Exercise details: Print the lines that run from the line with "Disc. XXVII. Romana" to the line with "優秀賞「パッチワークキルト Honey comb", keeping both end lines, exactly as they appear in the entries below, and nothing else.

Records provided:
>>>>>

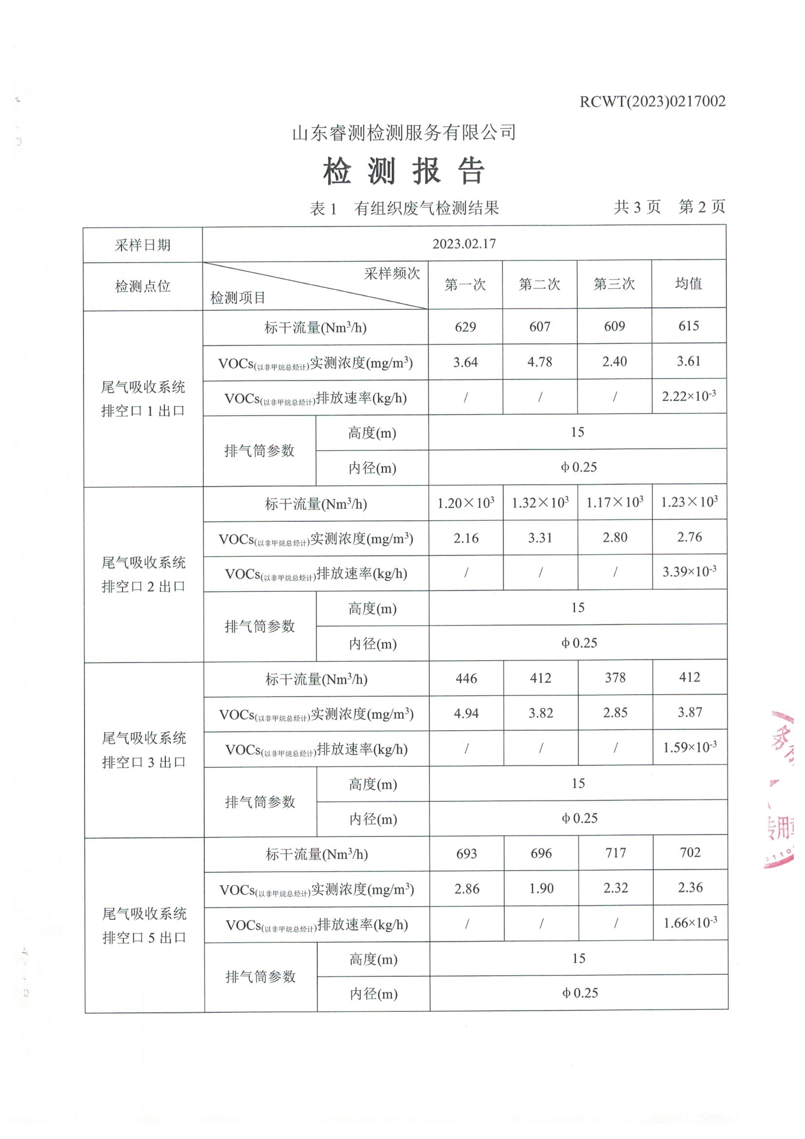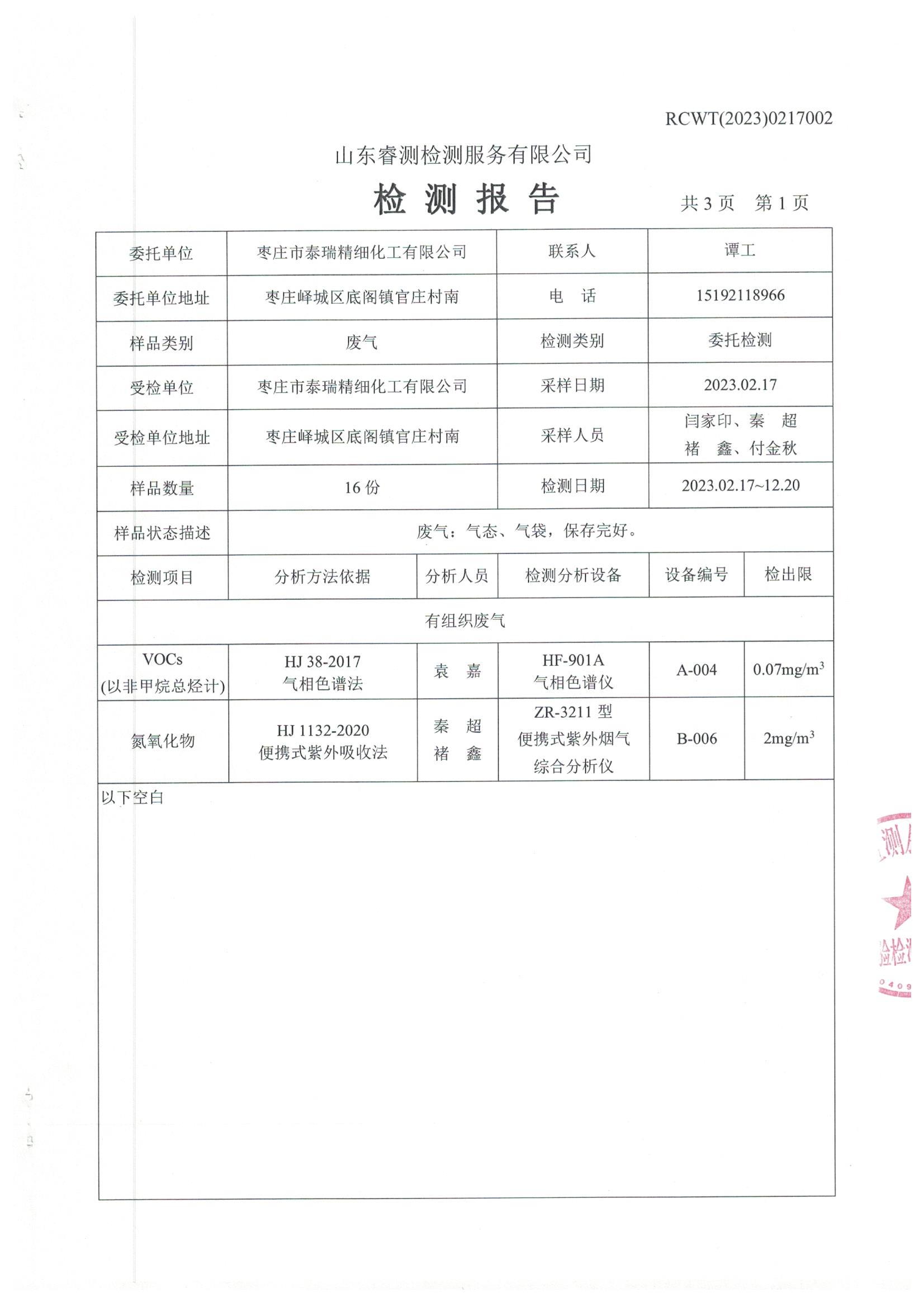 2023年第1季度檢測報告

<<<<<
>>>>>

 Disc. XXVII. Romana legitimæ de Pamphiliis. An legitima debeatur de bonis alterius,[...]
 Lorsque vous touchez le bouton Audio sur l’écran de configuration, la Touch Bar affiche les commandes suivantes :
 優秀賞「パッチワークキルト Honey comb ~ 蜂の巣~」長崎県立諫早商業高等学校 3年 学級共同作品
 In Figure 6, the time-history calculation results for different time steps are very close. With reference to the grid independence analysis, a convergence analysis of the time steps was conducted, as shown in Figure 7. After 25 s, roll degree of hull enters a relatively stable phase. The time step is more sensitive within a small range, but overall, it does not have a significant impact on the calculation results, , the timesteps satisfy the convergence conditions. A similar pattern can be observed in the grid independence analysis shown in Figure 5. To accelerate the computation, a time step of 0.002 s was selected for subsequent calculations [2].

<<<<<

Solution to this task:
 Disc. XXVII. Romana legitimæ de Pamphiliis. An legitima debeatur de bonis alterius,[...]
 Lorsque vous touchez le bouton Audio sur l’écran de configuration, la Touch Bar affiche les commandes suivantes :
 優秀賞「パッチワークキルト Honey comb ~ 蜂の巣~」長崎県立諫早商業高等学校 3年 学級共同作品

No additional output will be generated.